» **Task objective**
Make an exact copy, without pictures, of the lines below from the one containing "Сравнительный анализ исследовательских" to the last line, both ends included.

» **Given data**
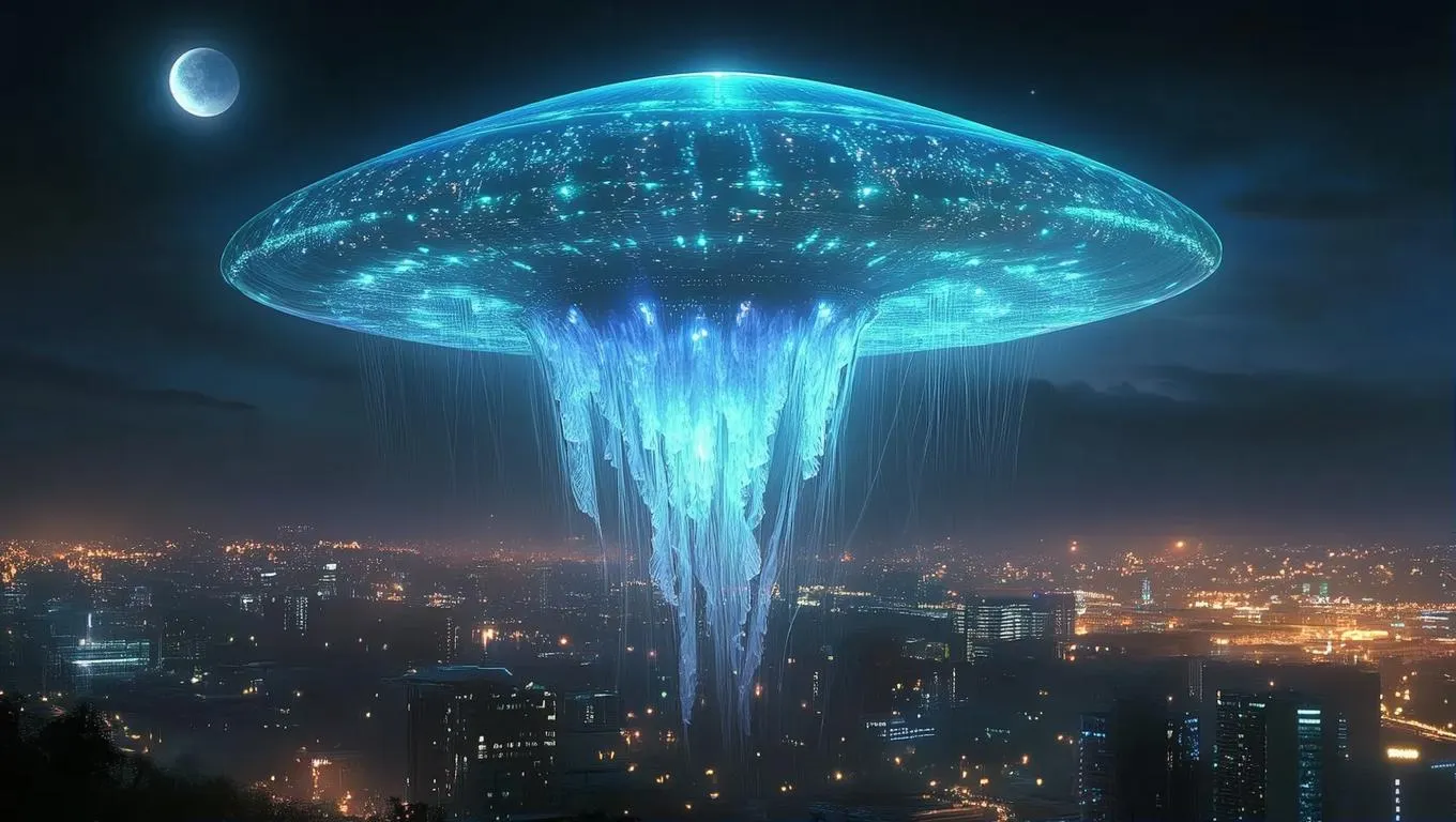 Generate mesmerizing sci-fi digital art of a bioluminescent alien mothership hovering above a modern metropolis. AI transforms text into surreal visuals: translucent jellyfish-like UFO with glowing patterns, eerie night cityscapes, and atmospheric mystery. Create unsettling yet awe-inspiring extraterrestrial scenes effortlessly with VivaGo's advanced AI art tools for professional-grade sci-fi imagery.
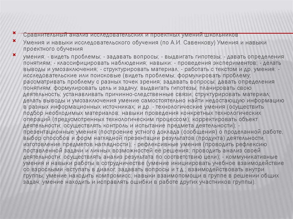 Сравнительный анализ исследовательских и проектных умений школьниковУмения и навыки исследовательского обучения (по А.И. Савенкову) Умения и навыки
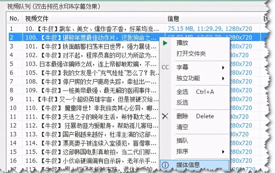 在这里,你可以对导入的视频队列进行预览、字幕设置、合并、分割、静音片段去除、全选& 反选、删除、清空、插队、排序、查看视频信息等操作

» **Answer to the exercise**
 Сравнительный анализ исследовательских и проектных умений школьниковУмения и навыки исследовательского обучения (по А.И. Савенкову) Умения и навыки
 在这里,你可以对导入的视频队列进行预览、字幕设置、合并、分割、静音片段去除、全选& 反选、删除、清空、插队、排序、查看视频信息等操作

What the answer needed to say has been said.